We use k to describe the number of individuals in the population from the inventory I to which we apply this estimate. What is the uncertainty of the estimated mean foliar calcium concentration of these k individuals? If we were confident of the true population mean (which we are not- we only have a sample, not the true value), the standard error of the mean foliar calcium for k trees would be $\frac{\sigma }{\sqrt{k}}$. To take account of the uncertainty in the estimated population mean, $\frac{\sigma }{\sqrt{n}}$, we combine these two independent terms, using the sum of the variances, $\frac{{\sigma }^{2}}{k}+\frac{{\sigma }^{2}}{n}$. This is called a normal mixture, meaning that the mean, not just the distribution around the mean, is also normally distributed. Taking the square root to find the standard error of the mean gives $\sigma \sqrt{\frac{1}{n}+\frac{1}{k}}$. This result does not take account of the uncertainty in our estimate of$\sigma $, which would require use of Student’s t-distribution instead of the normal distribution or a Taylor expansion. Including it would only increase the uncertainty that we are pointing out has been underestimated in the past.

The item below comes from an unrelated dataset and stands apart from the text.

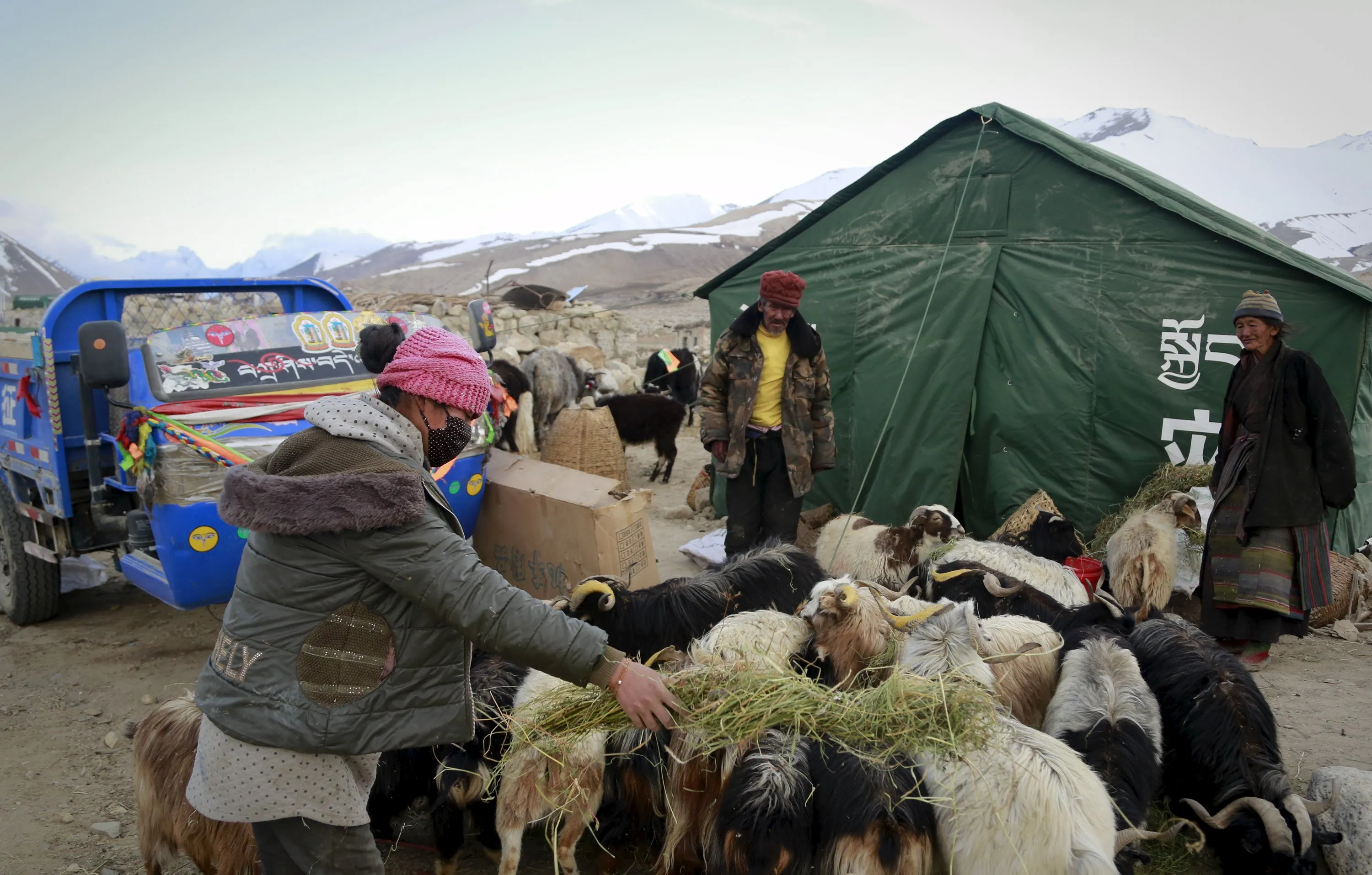 Villagers feed livestock next to a relief tent after a 7.9-magnitude earthquake hit Nepal on Saturday, in Nyalam county, Tibet Autonomous Region, China, April 27, 2015. (Photo by Reuters/China Daily)

This formula reduces to $\frac{\sigma }{\sqrt{n}}$, the standard error of the mean, as k approaches infinity. For an individual (k = 1), it differs from the standard deviation $\sigma $: the uncertainty is $\sigma \sqrt{\frac{1}{n}+1,}$ which approaches $\sigma $ with increasing n. When either n or k are small, as is often the case in forestry applications, it is important to use $\sigma \sqrt{\frac{1}{n}+\frac{1}{k}}$ to characterize the uncertainty rather than the standard error, $\frac{\sigma }{\sqrt{n}},$ or the standard deviation, $\sigma $.

Box 3: A numerical approach: Monte Carlo Simulation

There are analytical solutions to simple cases of error propagation (Boxes 2 and 4). For example, the variance of a sum is the sum of the variances of the individual terms, if the terms can be assumed to be independent. In the case of forest biomass, however, the calculations can be too complex to be solved analytically. For example, a mixed species forest may be characterized using allometric models specific to each of several species. Tree tissues vary dramatically in concentration, and thus estimates of forest nutrient content are obtained using allometric models for the mass of each tissue type, multiplied by estimates of nutrient concentration for each tissue type. If a nutrient budget depends on 25 log–log regressions describing 5 tissue types (leaves, branches, stem wood, stem bark, and roots) and 5 species (for example, Whittaker and others 1979), a different approach to error propagation is needed (Yanai and others 2010).

A Monte Carlo simulation can be used to characterize uncertainty in a complex result by simple repetition, thanks to modern computing capability. An early application of the approach was the approximation of the value of $\pi $, estimated by dropping needles to find the fraction that cross a grid (Siniksaran 2008). More complex questions faced the physicists developing nuclear weapons at Los Alamos in 1946. Stanislaw Ulam was out sick, playing solitaire, and thinking about how to calculate the probability of winning. This would be extremely difficult to solve analytically, but it is not difficult, if one is home sick, to estimate by playing many games of solitaire following random shuffles of the deck. “Monte Carlo” was the secret code used to describe this approach during the development of the atomic bomb, which was a reference to Ulam’s uncle who liked to gamble at the Monte Carlo Casino in Monaco (Metropolis 1987).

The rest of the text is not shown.